EXERCISE ->
Would you please output all the records exactly as given? Pictures should not appear in the copy.

DATA EXCERPTS ->
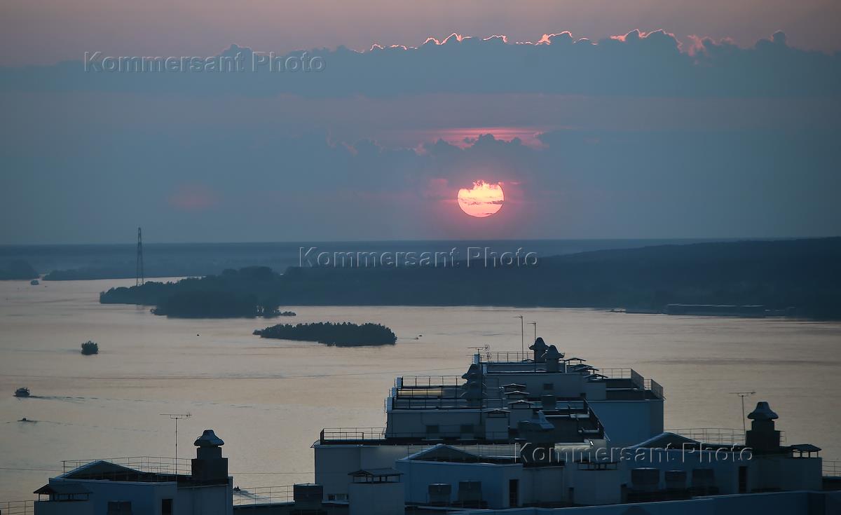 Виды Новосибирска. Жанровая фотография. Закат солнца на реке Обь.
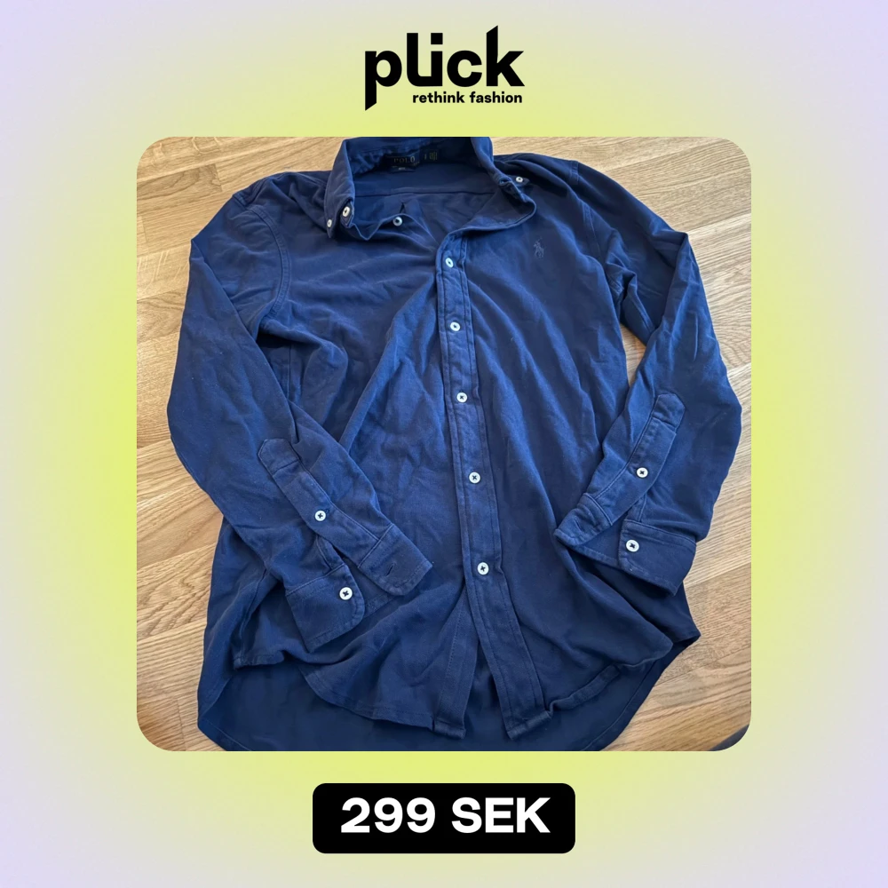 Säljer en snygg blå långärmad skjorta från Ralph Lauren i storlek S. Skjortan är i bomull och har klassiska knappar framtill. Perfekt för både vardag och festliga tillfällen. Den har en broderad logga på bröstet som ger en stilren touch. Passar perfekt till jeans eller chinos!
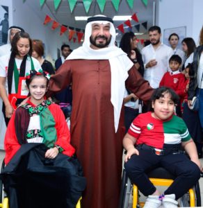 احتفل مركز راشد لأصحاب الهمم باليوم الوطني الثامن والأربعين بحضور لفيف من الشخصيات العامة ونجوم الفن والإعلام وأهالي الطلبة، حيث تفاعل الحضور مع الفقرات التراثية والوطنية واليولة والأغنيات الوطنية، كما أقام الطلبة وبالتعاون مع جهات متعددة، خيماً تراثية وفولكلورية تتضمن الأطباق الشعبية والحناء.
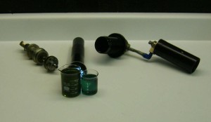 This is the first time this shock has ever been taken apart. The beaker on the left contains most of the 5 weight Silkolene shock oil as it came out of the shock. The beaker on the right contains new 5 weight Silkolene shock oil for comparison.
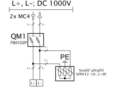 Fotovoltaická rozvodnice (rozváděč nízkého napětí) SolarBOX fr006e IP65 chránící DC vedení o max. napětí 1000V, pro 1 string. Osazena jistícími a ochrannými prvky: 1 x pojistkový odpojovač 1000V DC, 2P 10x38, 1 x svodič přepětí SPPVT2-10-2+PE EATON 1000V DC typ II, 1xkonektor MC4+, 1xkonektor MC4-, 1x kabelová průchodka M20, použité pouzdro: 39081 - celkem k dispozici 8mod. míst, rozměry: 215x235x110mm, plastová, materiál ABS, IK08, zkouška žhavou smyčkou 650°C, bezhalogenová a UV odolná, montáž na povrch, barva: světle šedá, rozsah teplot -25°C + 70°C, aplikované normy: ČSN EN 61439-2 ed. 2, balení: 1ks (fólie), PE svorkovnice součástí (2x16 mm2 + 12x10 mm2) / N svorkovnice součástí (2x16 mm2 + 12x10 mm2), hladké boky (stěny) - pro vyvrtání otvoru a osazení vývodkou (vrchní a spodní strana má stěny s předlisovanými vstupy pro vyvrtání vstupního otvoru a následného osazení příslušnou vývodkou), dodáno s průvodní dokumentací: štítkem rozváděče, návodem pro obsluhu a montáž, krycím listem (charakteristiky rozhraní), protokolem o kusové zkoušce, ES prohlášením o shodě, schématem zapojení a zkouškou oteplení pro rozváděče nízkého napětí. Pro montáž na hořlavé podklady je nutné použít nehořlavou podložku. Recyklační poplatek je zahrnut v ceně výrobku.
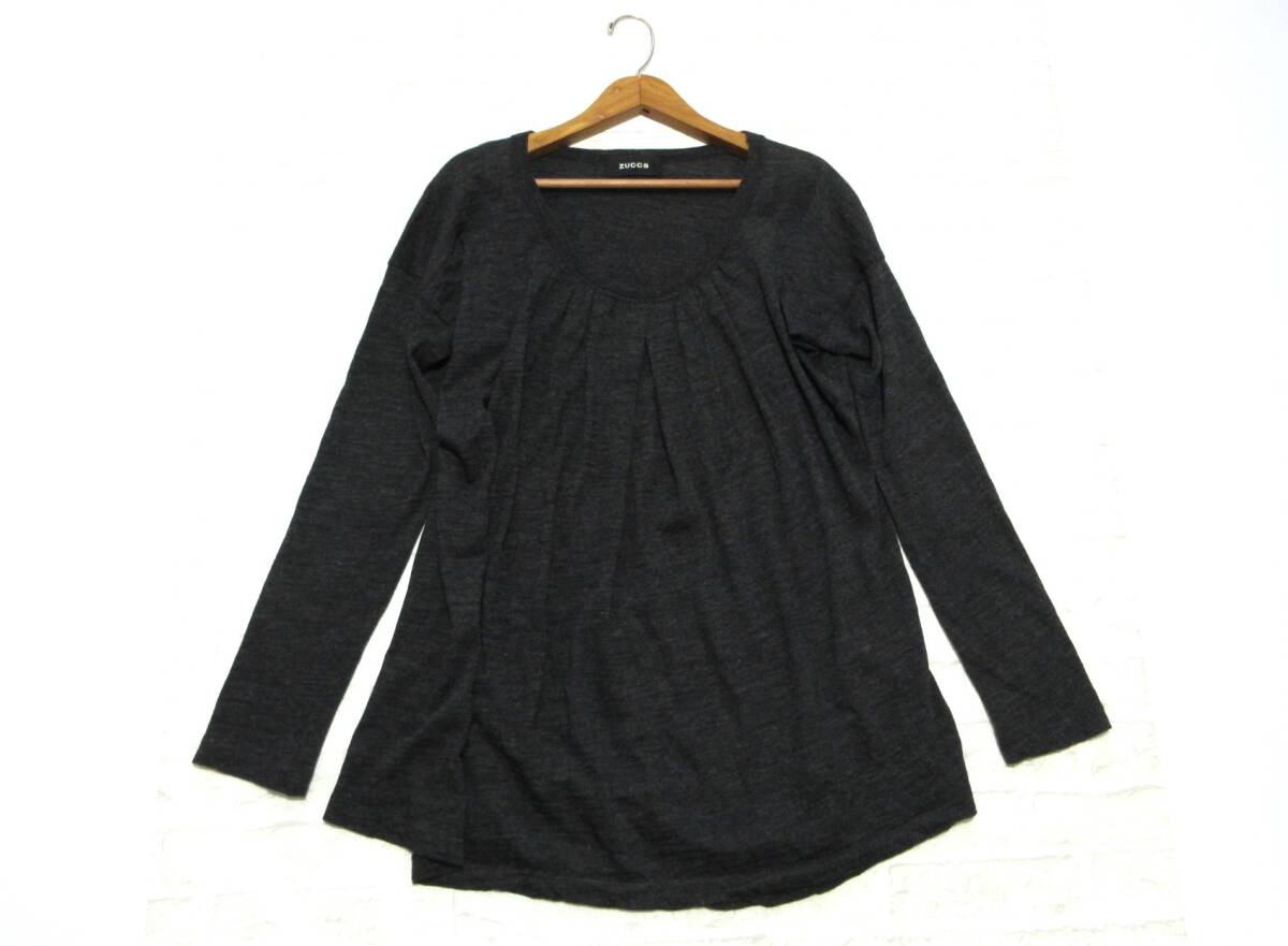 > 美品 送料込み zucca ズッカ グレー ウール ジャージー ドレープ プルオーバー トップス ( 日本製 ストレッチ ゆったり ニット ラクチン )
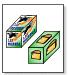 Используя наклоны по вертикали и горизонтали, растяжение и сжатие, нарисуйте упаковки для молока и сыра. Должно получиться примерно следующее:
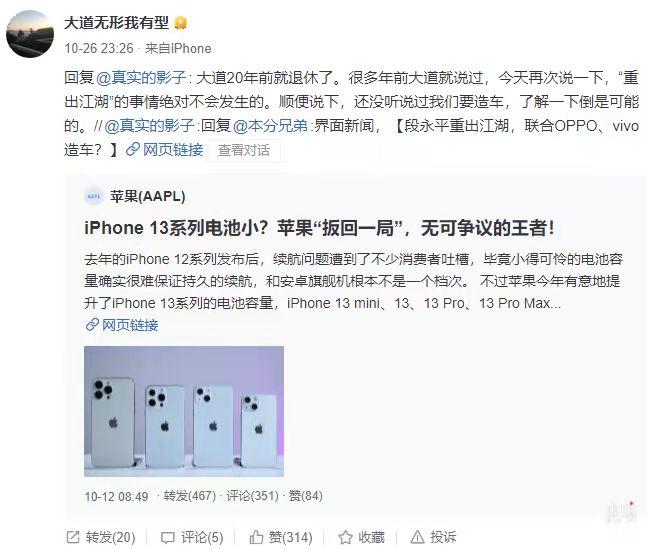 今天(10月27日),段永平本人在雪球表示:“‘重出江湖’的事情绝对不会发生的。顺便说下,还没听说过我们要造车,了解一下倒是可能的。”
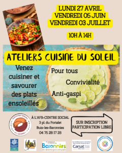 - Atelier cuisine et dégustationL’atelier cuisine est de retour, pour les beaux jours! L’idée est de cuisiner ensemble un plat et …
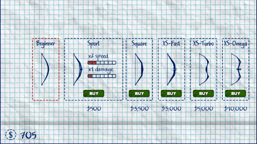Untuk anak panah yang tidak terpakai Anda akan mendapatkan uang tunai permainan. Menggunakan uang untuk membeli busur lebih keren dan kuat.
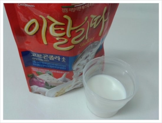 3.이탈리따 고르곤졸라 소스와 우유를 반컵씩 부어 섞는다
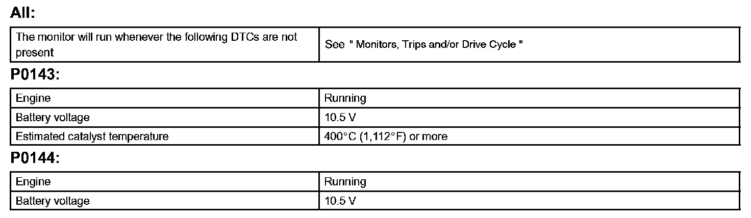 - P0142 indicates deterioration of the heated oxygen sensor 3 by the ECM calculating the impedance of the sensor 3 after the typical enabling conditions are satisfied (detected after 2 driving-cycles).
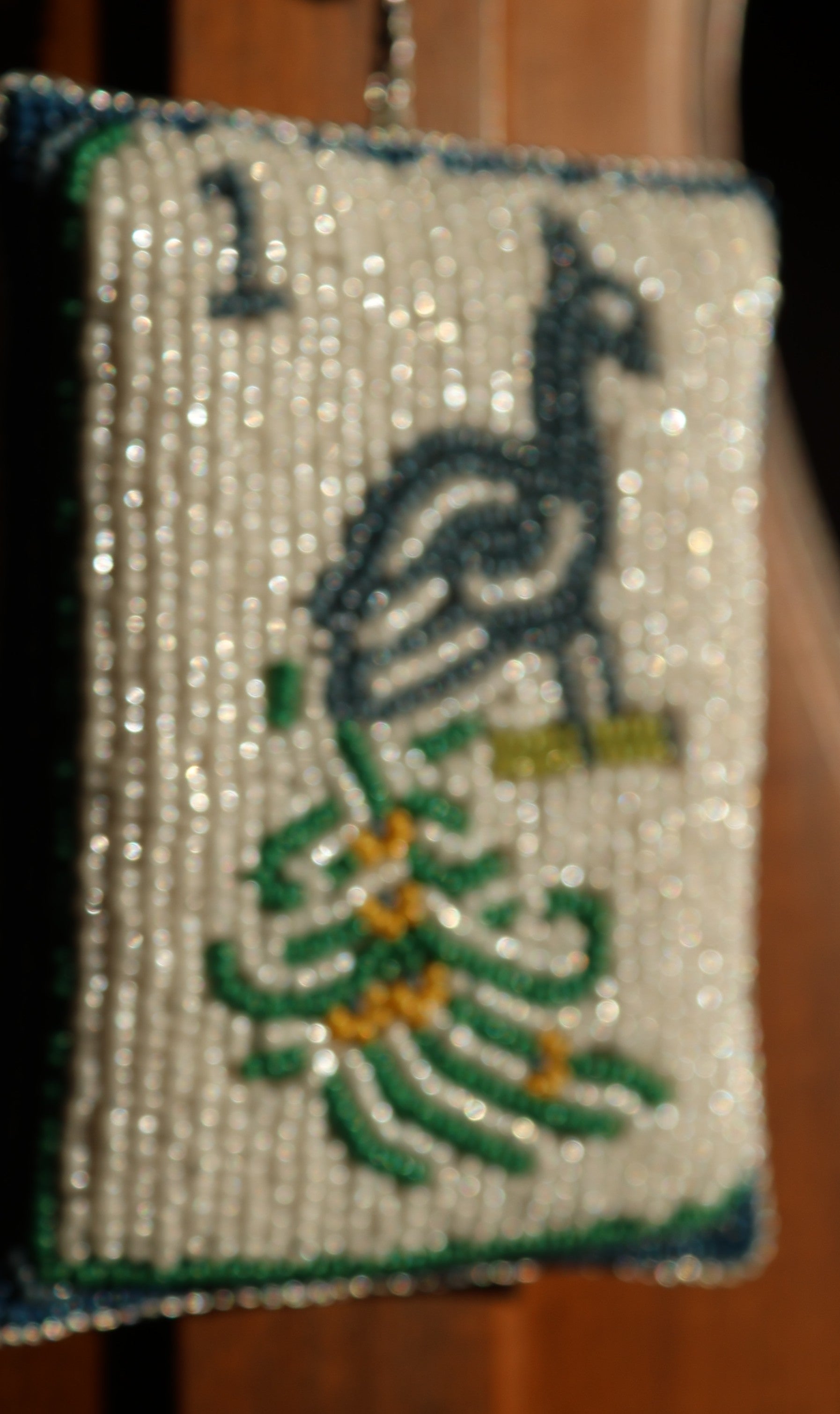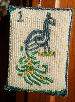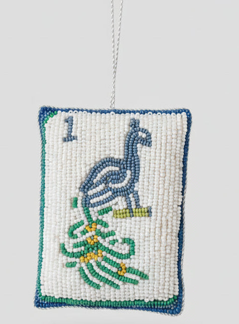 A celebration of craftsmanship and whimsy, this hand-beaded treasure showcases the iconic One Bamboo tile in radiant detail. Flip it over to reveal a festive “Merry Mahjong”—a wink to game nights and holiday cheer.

EXERCISE RESPONSE ->
 Виды Новосибирска. Жанровая фотография. Закат солнца на реке Обь.
 Säljer en snygg blå långärmad skjorta från Ralph Lauren i storlek S. Skjortan är i bomull och har klassiska knappar framtill. Perfekt för både vardag och festliga tillfällen. Den har en broderad logga på bröstet som ger en stilren touch. Passar perfekt till jeans eller chinos!
 احتفل مركز راشد لأصحاب الهمم باليوم الوطني الثامن والأربعين بحضور لفيف من الشخصيات العامة ونجوم الفن والإعلام وأهالي الطلبة، حيث تفاعل الحضور مع الفقرات التراثية والوطنية واليولة والأغنيات الوطنية، كما أقام الطلبة وبالتعاون مع جهات متعددة، خيماً تراثية وفولكلورية تتضمن الأطباق الشعبية والحناء.
 This is the first time this shock has ever been taken apart. The beaker on the left contains most of the 5 weight Silkolene shock oil as it came out of the shock. The beaker on the right contains new 5 weight Silkolene shock oil for comparison.
 Fotovoltaická rozvodnice (rozváděč nízkého napětí) SolarBOX fr006e IP65 chránící DC vedení o max. napětí 1000V, pro 1 string. Osazena jistícími a ochrannými prvky: 1 x pojistkový odpojovač 1000V DC, 2P 10x38, 1 x svodič přepětí SPPVT2-10-2+PE EATON 1000V DC typ II, 1xkonektor MC4+, 1xkonektor MC4-, 1x kabelová průchodka M20, použité pouzdro: 39081 - celkem k dispozici 8mod. míst, rozměry: 215x235x110mm, plastová, materiál ABS, IK08, zkouška žhavou smyčkou 650°C, bezhalogenová a UV odolná, montáž na povrch, barva: světle šedá, rozsah teplot -25°C + 70°C, aplikované normy: ČSN EN 61439-2 ed. 2, balení: 1ks (fólie), PE svorkovnice součástí (2x16 mm2 + 12x10 mm2) / N svorkovnice součástí (2x16 mm2 + 12x10 mm2), hladké boky (stěny) - pro vyvrtání otvoru a osazení vývodkou (vrchní a spodní strana má stěny s předlisovanými vstupy pro vyvrtání vstupního otvoru a následného osazení příslušnou vývodkou), dodáno s průvodní dokumentací: štítkem rozváděče, návodem pro obsluhu a montáž, krycím listem (charakteristiky rozhraní), protokolem o kusové zkoušce, ES prohlášením o shodě, schématem zapojení a zkouškou oteplení pro rozváděče nízkého napětí. Pro montáž na hořlavé podklady je nutné použít nehořlavou podložku. Recyklační poplatek je zahrnut v ceně výrobku.
 > 美品 送料込み zucca ズッカ グレー ウール ジャージー ドレープ プルオーバー トップス ( 日本製 ストレッチ ゆったり ニット ラクチン )
 Используя наклоны по вертикали и горизонтали, растяжение и сжатие, нарисуйте упаковки для молока и сыра. Должно получиться примерно следующее:
 今天(10月27日),段永平本人在雪球表示:“‘重出江湖’的事情绝对不会发生的。顺便说下,还没听说过我们要造车,了解一下倒是可能的。”
 - Atelier cuisine et dégustationL’atelier cuisine est de retour, pour les beaux jours! L’idée est de cuisiner ensemble un plat et …
Untuk anak panah yang tidak terpakai Anda akan mendapatkan uang tunai permainan. Menggunakan uang untuk membeli busur lebih keren dan kuat.
 3.이탈리따 고르곤졸라 소스와 우유를 반컵씩 부어 섞는다
 - P0142 indicates deterioration of the heated oxygen sensor 3 by the ECM calculating the impedance of the sensor 3 after the typical enabling conditions are satisfied (detected after 2 driving-cycles).
 A celebration of craftsmanship and whimsy, this hand-beaded treasure showcases the iconic One Bamboo tile in radiant detail. Flip it over to reveal a festive “Merry Mahjong”—a wink to game nights and holiday cheer.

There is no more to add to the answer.